Using the homophones There, Their and They’re


Learning OutcomesBy the end of the session you will be able to:

  • Recognise in which context to use “there, their and they’re”.

  • Recall some facts about the Hindu festival Diwali.


Icebreaker

  • Which festivals do people celebrate in different religions?

  • How much do you know about these festivals?

  • Where did you learn about them?


What is Diwali?


The Festival of Lights

  • Celebrated by Hindus for five days during October or November to celebrate the New Year.

  • Hindus believe that this “festival of lights” will drive out the darkness which brings evil and bad luck.

  • In Sanskrit “Deepawali” is a combination of two words “Deepa” meaning light and “Avali” meaning a row.

  • Families light small clay lamps called Divas to welcome Lakshmi, the Hindu goddess of wealth and prosperity.

  • There are also colourful sand-painted Rangoli designs, floral decorations and fireworks.


There, Their & They’re

  • Homophones: Words which sound the same but are spelt differently.

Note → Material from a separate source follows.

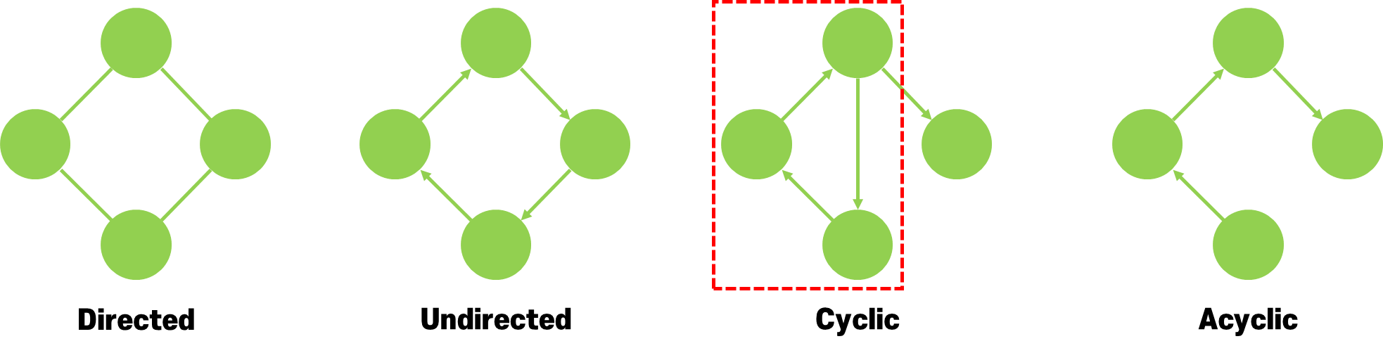 또한, 그래프(Graph)는 노드들이 하나 이상의 서클(Circle) 을 만드는 경우(Cyclic)가 있고, 하나도 없는 경우(Acyclic)가 있다.

  • “There, there and they’re” are very commonly misspelt.


There

  • Used when making a statement:

  • “THERE are many lights, fireworks and colourful displays called Rangoli during Diwali”

  • “THERE are five days in the Diwali festival of light”


Their

  • Used when something belongs to or is associated with two or more people:

  • “They believe that THEIR goddess Lakshmi will bring them wealth and prosperity”

  • “THEIR homes are decorated with colourful diva lamps”


They’re

  • Short for “they are”:

  • “THEY’RE celebrating the New Year”

  • “THEY’RE celebrating on Diwali night in the hope that Lakshmi will bring them prosperity ”


Points to remember!

  • Can you replace the word by “they are”?

  • Does the word mean something that belongs to or is associated with two or more people?

  • If neither of these, then it’s most likely to be “there”.


SummaryBy now you should be able to:

  • Use the homophones “there, their and they’re” in their correct context.

  • Recall some facts about the Hindu festival Diwali.